Records for this task
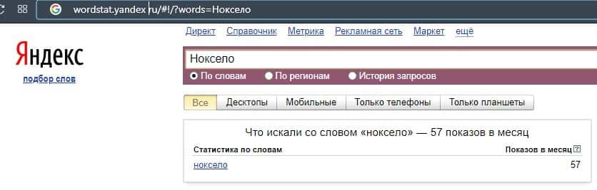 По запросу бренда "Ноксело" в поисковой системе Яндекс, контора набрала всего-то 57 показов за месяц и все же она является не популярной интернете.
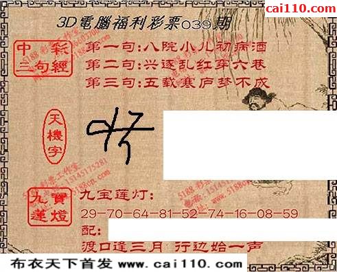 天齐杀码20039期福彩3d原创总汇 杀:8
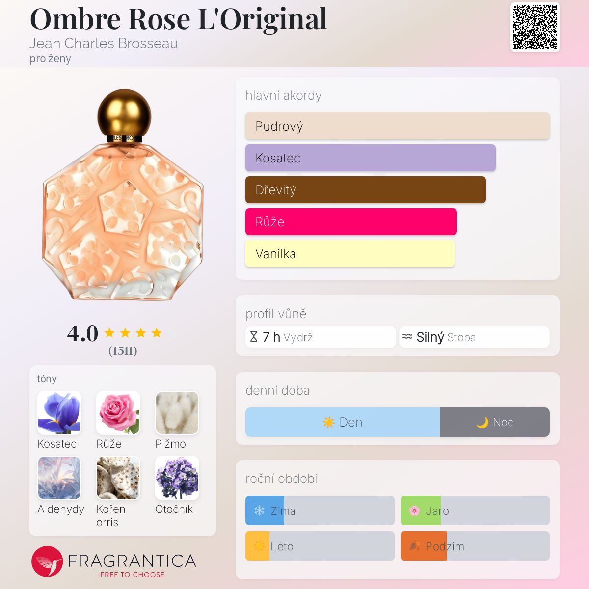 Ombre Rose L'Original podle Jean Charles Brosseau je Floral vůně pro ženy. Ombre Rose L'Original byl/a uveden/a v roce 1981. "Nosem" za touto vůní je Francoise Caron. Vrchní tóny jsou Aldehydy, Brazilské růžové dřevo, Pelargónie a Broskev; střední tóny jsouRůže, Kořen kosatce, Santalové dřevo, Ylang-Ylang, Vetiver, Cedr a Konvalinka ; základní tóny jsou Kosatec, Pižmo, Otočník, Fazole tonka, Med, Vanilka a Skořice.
==
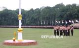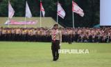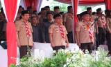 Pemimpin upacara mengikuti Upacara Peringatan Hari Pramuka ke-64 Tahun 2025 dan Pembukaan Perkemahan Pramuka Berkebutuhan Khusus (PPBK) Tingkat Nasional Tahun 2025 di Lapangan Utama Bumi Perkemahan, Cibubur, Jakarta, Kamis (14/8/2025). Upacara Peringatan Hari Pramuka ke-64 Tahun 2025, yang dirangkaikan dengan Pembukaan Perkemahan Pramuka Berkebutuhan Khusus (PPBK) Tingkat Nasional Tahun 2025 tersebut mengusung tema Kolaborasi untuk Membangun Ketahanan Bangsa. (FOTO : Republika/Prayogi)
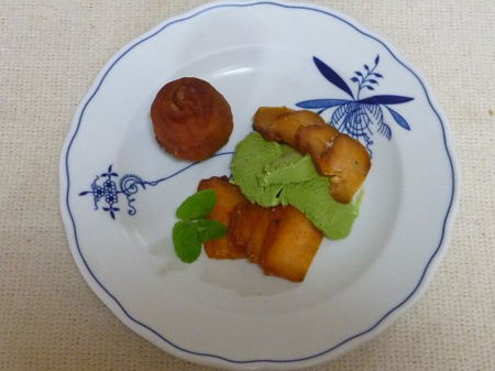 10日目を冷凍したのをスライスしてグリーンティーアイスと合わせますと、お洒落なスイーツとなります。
...
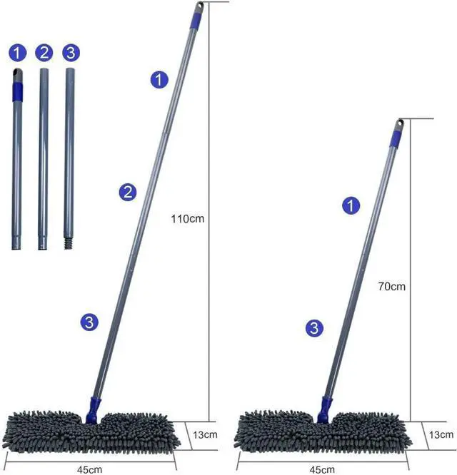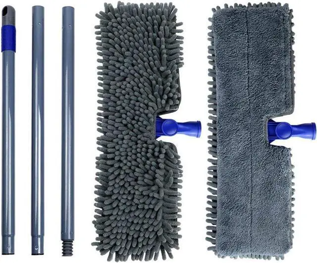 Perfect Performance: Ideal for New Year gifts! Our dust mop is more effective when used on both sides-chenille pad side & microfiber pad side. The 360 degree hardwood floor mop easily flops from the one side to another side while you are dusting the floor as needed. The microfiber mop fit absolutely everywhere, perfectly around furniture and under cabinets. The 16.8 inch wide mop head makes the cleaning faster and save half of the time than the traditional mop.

What you should do
Exact repeat of the material above: every line from the one with "По запросу бренда" through the one with "天齐杀码20039期福彩3d原创总汇 杀:8", endpoints included, and nothing more. No pictures.

Output
 По запросу бренда "Ноксело" в поисковой системе Яндекс, контора набрала всего-то 57 показов за месяц и все же она является не популярной интернете.
 天齐杀码20039期福彩3d原创总汇 杀:8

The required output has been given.